Reproduce the entries in full and exactly. Pictures stay out.
····················
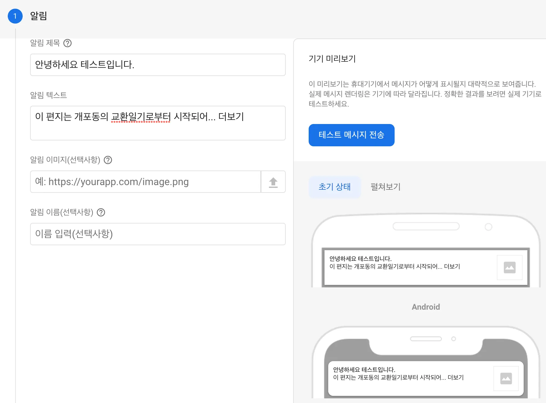 여기서 ‘테스트 메시지 전송’은 iOS의 경우 Device Token이 필요하다. Device Token은 FCM 모듈이 설치되어 있는 앱을 사용하면 사용하는 기기에 대해 식별자처럼 부여해주는 토큰을 의미한다.
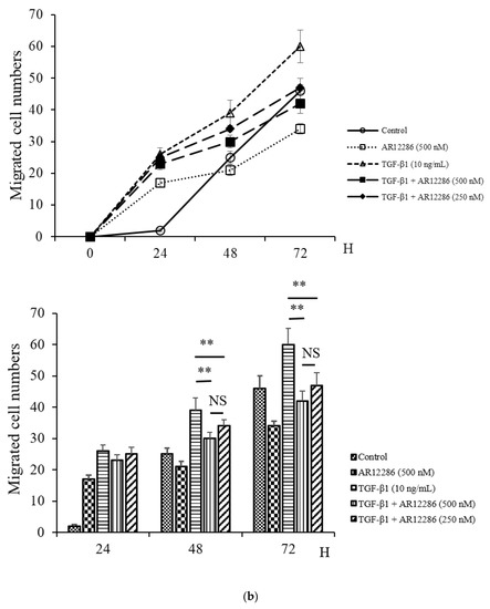 Cell migration inhibited by AR12286. Cell-free linear wound presented when confluent cultures were scraped with a pipette tip. Medium was individually replaced with fresh cultured medium in the following cultures: control, TGF-β1-induced, AR12286-treated, TGF-β1-induced with 250 nM treatment of AR12286, and TGF-β1-induced with 500 nM treatment of AR12286. (a) Cell migration into the wound area photographed after incubation for 24, 48, and 72 h; (b) number of migrated cells was determined. Dotted lines, edges of migrated cells. All data expressed as means ± SEM (n = 6). Asterisks indicate significantly different responses (**, p < 0.01), and NS signifies no significant difference.
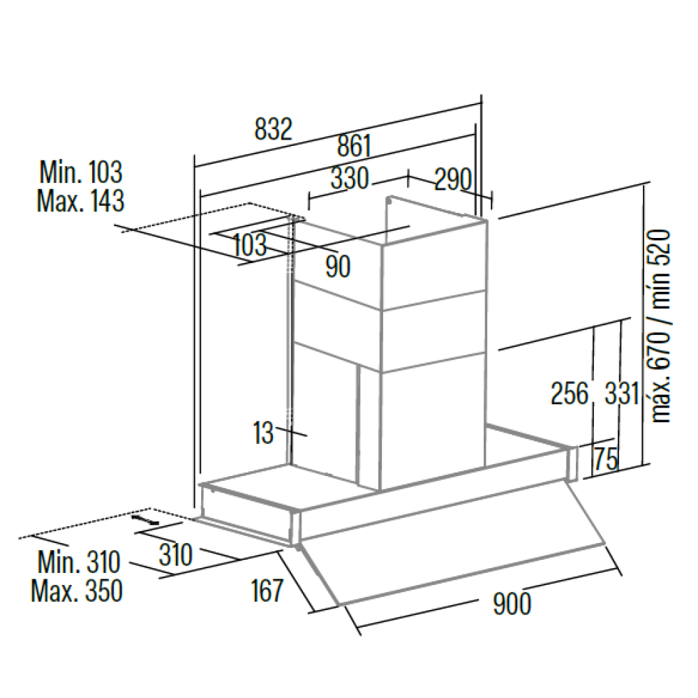 | Minimum distance from electric hob | 55 |
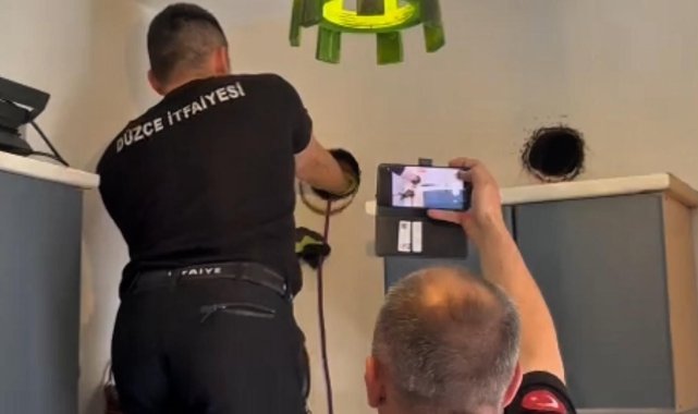 Düzce'de bulundukları yerlerde mahsur kalan yavru karga ve yavru kedi ekiplerin çabalarıyla kurtarıldı.
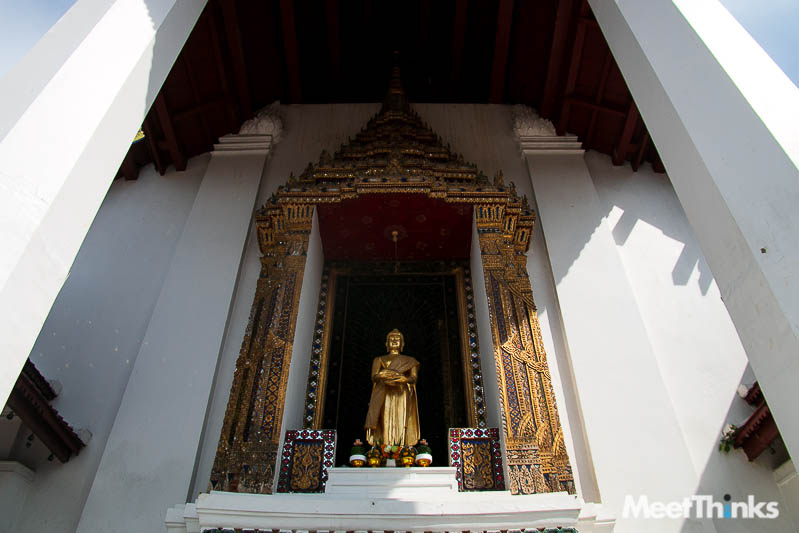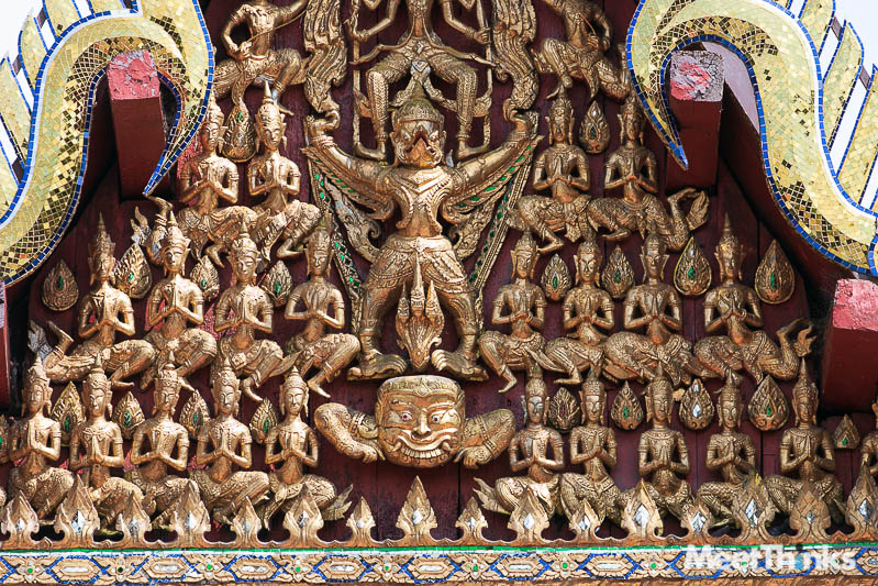 เช้าวันใหม่เดินทางสู่ “วัดหน้าพระเมรุ” ตั้งอยู่ริมคลองสระบัวด้านเหนือของคูเมือง (แม่น้ำลพบุรีเก่า) เป็นวัดเก่าแก่ของกรุงศรีอยุธยาที่ยังคงสภาพสมบูรณ์ สิ่งสำคัญที่ปรากฏภายในวัดนี้ คือ พระอุโบสถและพระพุทธรูปประธานทรงเครื่องใหญ่ สันนิษฐานว่าได้รับการบูรณะครั้งใหญ่ในรัชกาลของสมเด็จพระเจ้าปราสาททอง หน้าบันของพระอุโบสถเป็นไม้แกะสลักปิดทองที่แสดงรูปนารายณ์ทรงครุฑยุดนาคประทับราหูแวดล้อมด้วยเหล่าเทวดา ด้านหน้าพระอุโบสถมีเทวดาแวดล้อม 26 องค์ด้านหลังพระอุโบสถมีเทวดาแวดล้อม 22 องค์ รวมเทวดา 48 องค์
····················
| Task result |
 여기서 ‘테스트 메시지 전송’은 iOS의 경우 Device Token이 필요하다. Device Token은 FCM 모듈이 설치되어 있는 앱을 사용하면 사용하는 기기에 대해 식별자처럼 부여해주는 토큰을 의미한다.
 Cell migration inhibited by AR12286. Cell-free linear wound presented when confluent cultures were scraped with a pipette tip. Medium was individually replaced with fresh cultured medium in the following cultures: control, TGF-β1-induced, AR12286-treated, TGF-β1-induced with 250 nM treatment of AR12286, and TGF-β1-induced with 500 nM treatment of AR12286. (a) Cell migration into the wound area photographed after incubation for 24, 48, and 72 h; (b) number of migrated cells was determined. Dotted lines, edges of migrated cells. All data expressed as means ± SEM (n = 6). Asterisks indicate significantly different responses (**, p < 0.01), and NS signifies no significant difference.
 | Minimum distance from electric hob | 55 |
 Düzce'de bulundukları yerlerde mahsur kalan yavru karga ve yavru kedi ekiplerin çabalarıyla kurtarıldı.
 เช้าวันใหม่เดินทางสู่ “วัดหน้าพระเมรุ” ตั้งอยู่ริมคลองสระบัวด้านเหนือของคูเมือง (แม่น้ำลพบุรีเก่า) เป็นวัดเก่าแก่ของกรุงศรีอยุธยาที่ยังคงสภาพสมบูรณ์ สิ่งสำคัญที่ปรากฏภายในวัดนี้ คือ พระอุโบสถและพระพุทธรูปประธานทรงเครื่องใหญ่ สันนิษฐานว่าได้รับการบูรณะครั้งใหญ่ในรัชกาลของสมเด็จพระเจ้าปราสาททอง หน้าบันของพระอุโบสถเป็นไม้แกะสลักปิดทองที่แสดงรูปนารายณ์ทรงครุฑยุดนาคประทับราหูแวดล้อมด้วยเหล่าเทวดา ด้านหน้าพระอุโบสถมีเทวดาแวดล้อม 26 องค์ด้านหลังพระอุโบสถมีเทวดาแวดล้อม 22 องค์ รวมเทวดา 48 องค์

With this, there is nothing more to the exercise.